All of these processes are driven by motor proteins, molecular machines that can “walk” along microtubule tracks and carry a load. In mitosis, motor proteins carry chromosomes or other microtubules as they walk.

In telophase, the cell almost finishes dividing and begins to reestablish its normal structures as cytokinesis (a division of cell contents) takes place.

  • The mitotic spindle breaks down into its basic components.
  • Two new nuclei are formed, one for each set of chromosomes. Nuclear membranes and nucleoli reappear.
  • Chromosomes begin to decondense and return to their “stringy” shape.

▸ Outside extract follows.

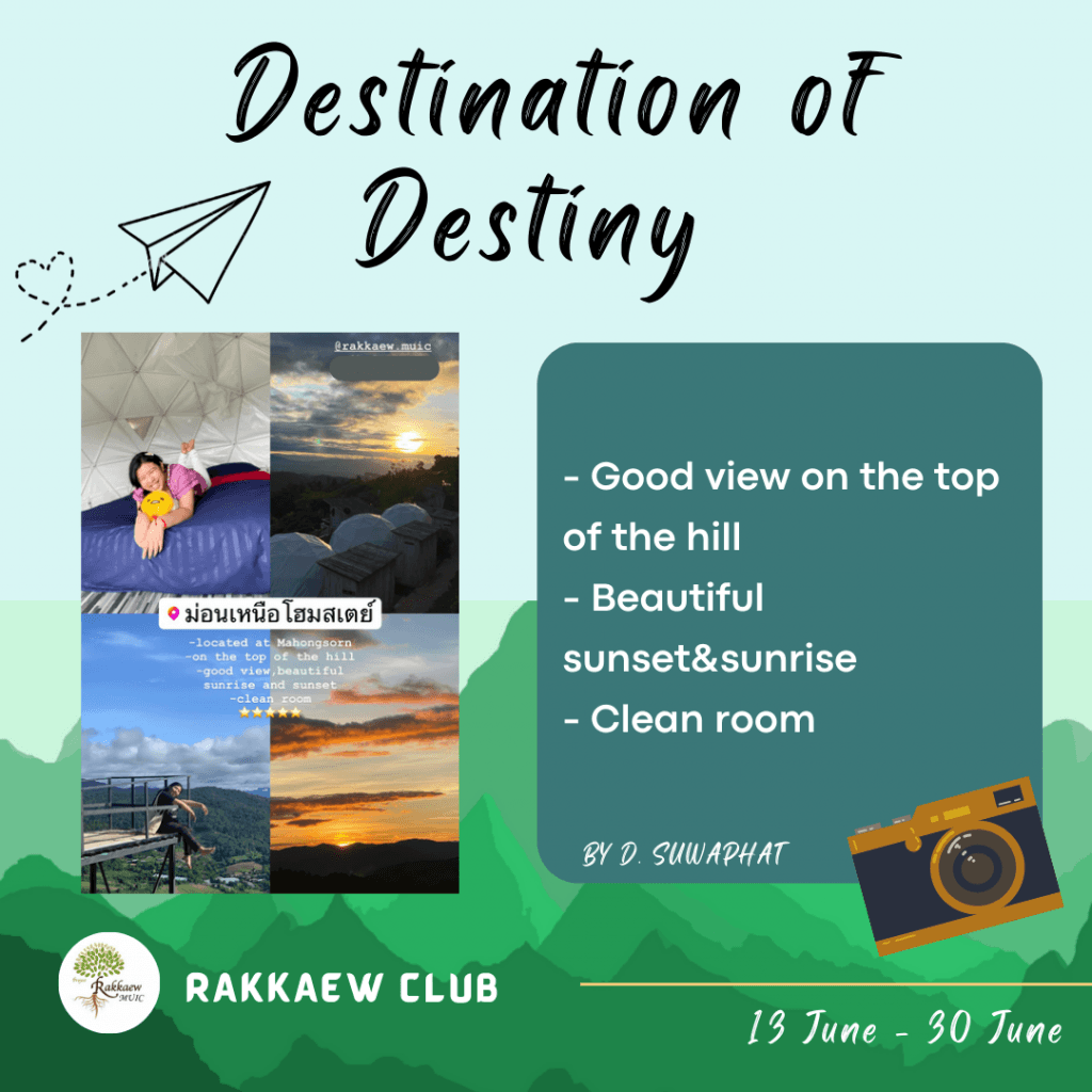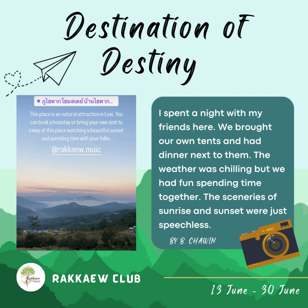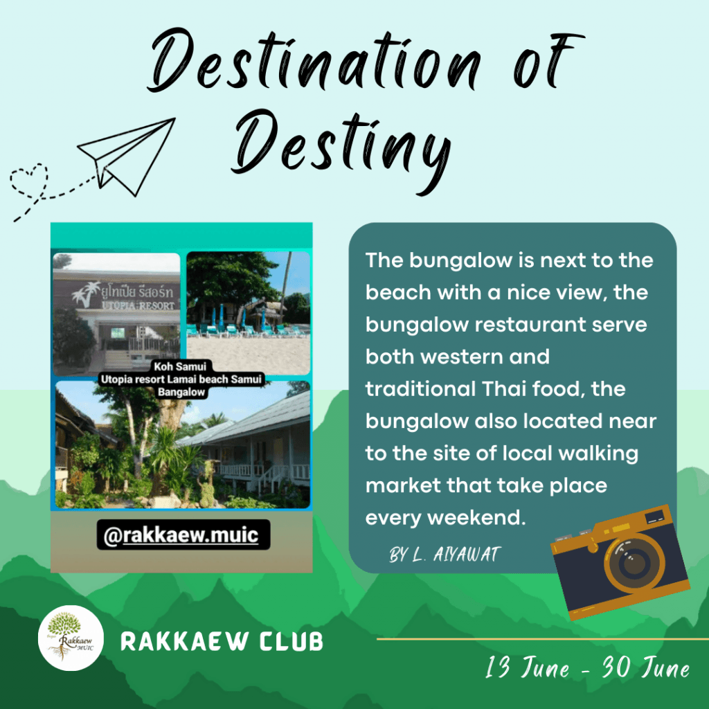 Mahidol University International College’s (MUIC) Rakkaew Club organized an online activity called “Destination of Destiny” on June 13-30, 2022.

Cytokinesis, the division of the cytoplasm to form two new cells, overlaps with the final stages of mitosis. It can start at anaphase or telophase, depending on the cell, and ends shortly after telophase. In animal cells, cytokinesis is contractile, pinching the cell in two like a purse with a string. The “cord” is a band of filaments made of a protein called actin, and the pinch fold is known as the cleavage furrow.

Plant cells cannot divide like this because they have a cell wall and it is too rigid. Instead, a structure called a cell plate forms in the middle of the cell, dividing it into two daughter cells separated by a new wall. When cytokinesis ends, we end up with two new cells, each with a complete set of chromosomes identical to those of the parent cell. The daughter cells can now start their own cellular “lives” and, depending on what they decide to be when they grow up, they can undergo mitosis themselves, repeating the cycle.